Dataset section:

·····

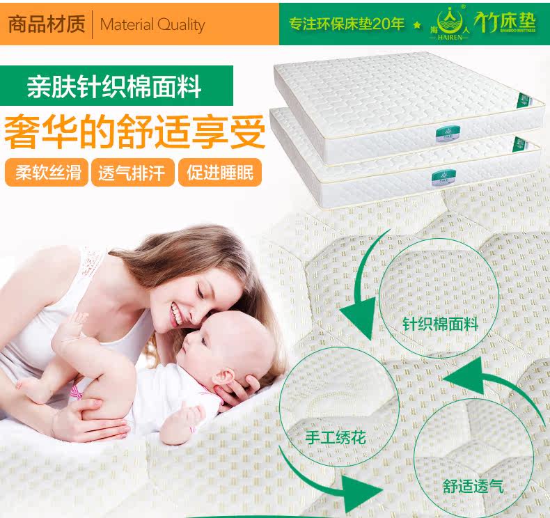 海人竹床墊,改變了140多年來世界床墊基本用鋼絲彈簧做內(nèi)膽的結(jié)構(gòu)工藝,克服了彈簧生銹變形的缺陷,解決了棕板容易生蟲的世界難題,是一種取代彈簧床墊棕床墊的新型床墊。
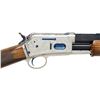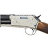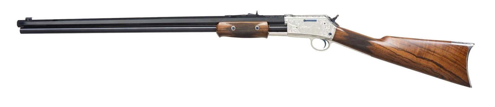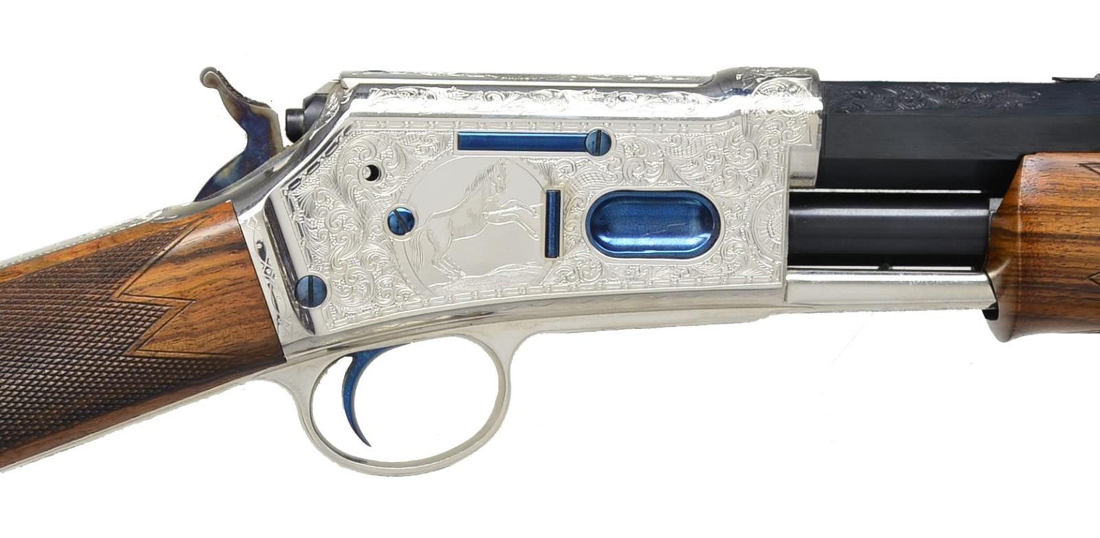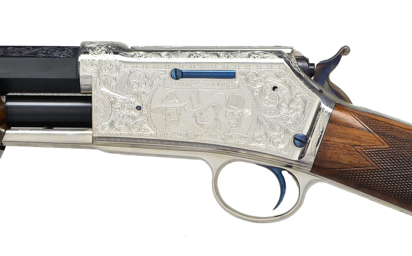 SLIDE ACTION RIFLE. Cal. 44-40. S# RH0001. Bbl. 26" oct. w/ bead front sight & elevator adj. rear sight. Full length mag. Nickel finished action having full coverage ornamentation featuring movie heroes Tim McCoy, Buck Jones & Hoot Gibson on left side w/ rampant Colt on right side. Fire blued loading gate, trigger & action screws w/ case colored hammer. Checkered 2 piece forearm & straight grip stock of fancy walnut w/ fiddle figure & striking dark streaks. Nickel finished engraved crescent buttplate w/ fire blue screws. CONDITION: near new retaining 99% finish. Near excellent bore. (20-3967/DS). MODERN. $1,350-1,900.
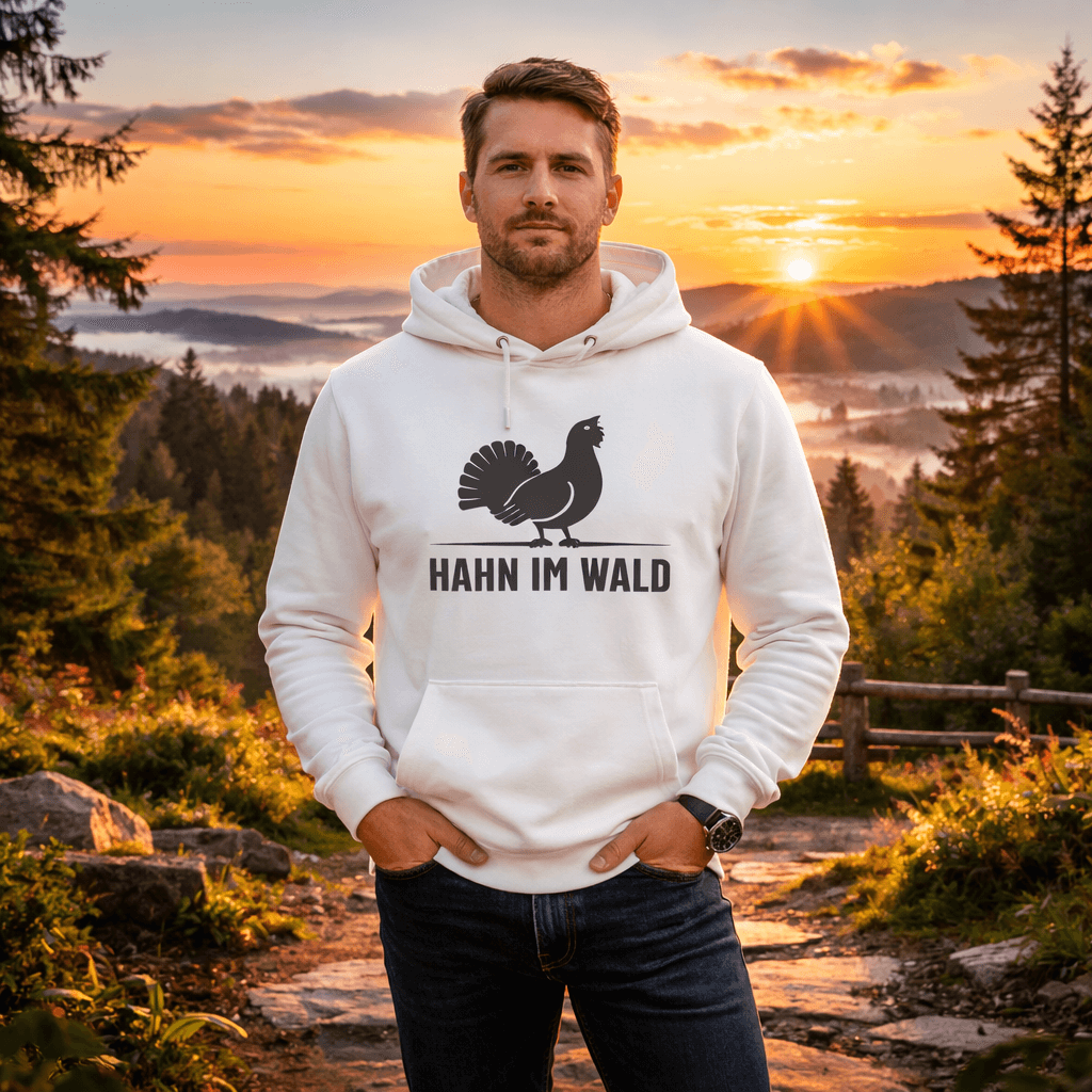 Der Hahn im Wald Hoodie ist gemacht für den Mann von heute, der Haltung zeigt und dabei entspannt bleibt. Das Auerhahn-Motiv zwischen Wald und Tanne bringt Tradition mit einem feinen Augenzwinkern zusammen. Humorvoll, aber nicht verspielt. Klar, aber nicht steif. Genau diese Mischung macht den Hoodie so besonders. Die hochwertige Materialqualität fühlt sich weich auf der Haut an und sorgt mit der angerauten Innenseite für angenehme Wärme. Du bekommst Komfort, der dich durch Alltag, Freizeit und kühle Abende begleitet.

·····

Description of the task: Make an exact copy of the listing above. Do not include the pictures.

Response:
 海人竹床墊,改變了140多年來世界床墊基本用鋼絲彈簧做內(nèi)膽的結(jié)構(gòu)工藝,克服了彈簧生銹變形的缺陷,解決了棕板容易生蟲的世界難題,是一種取代彈簧床墊棕床墊的新型床墊。
 SLIDE ACTION RIFLE. Cal. 44-40. S# RH0001. Bbl. 26" oct. w/ bead front sight & elevator adj. rear sight. Full length mag. Nickel finished action having full coverage ornamentation featuring movie heroes Tim McCoy, Buck Jones & Hoot Gibson on left side w/ rampant Colt on right side. Fire blued loading gate, trigger & action screws w/ case colored hammer. Checkered 2 piece forearm & straight grip stock of fancy walnut w/ fiddle figure & striking dark streaks. Nickel finished engraved crescent buttplate w/ fire blue screws. CONDITION: near new retaining 99% finish. Near excellent bore. (20-3967/DS). MODERN. $1,350-1,900.
 Der Hahn im Wald Hoodie ist gemacht für den Mann von heute, der Haltung zeigt und dabei entspannt bleibt. Das Auerhahn-Motiv zwischen Wald und Tanne bringt Tradition mit einem feinen Augenzwinkern zusammen. Humorvoll, aber nicht verspielt. Klar, aber nicht steif. Genau diese Mischung macht den Hoodie so besonders. Die hochwertige Materialqualität fühlt sich weich auf der Haut an und sorgt mit der angerauten Innenseite für angenehme Wärme. Du bekommst Komfort, der dich durch Alltag, Freizeit und kühle Abende begleitet.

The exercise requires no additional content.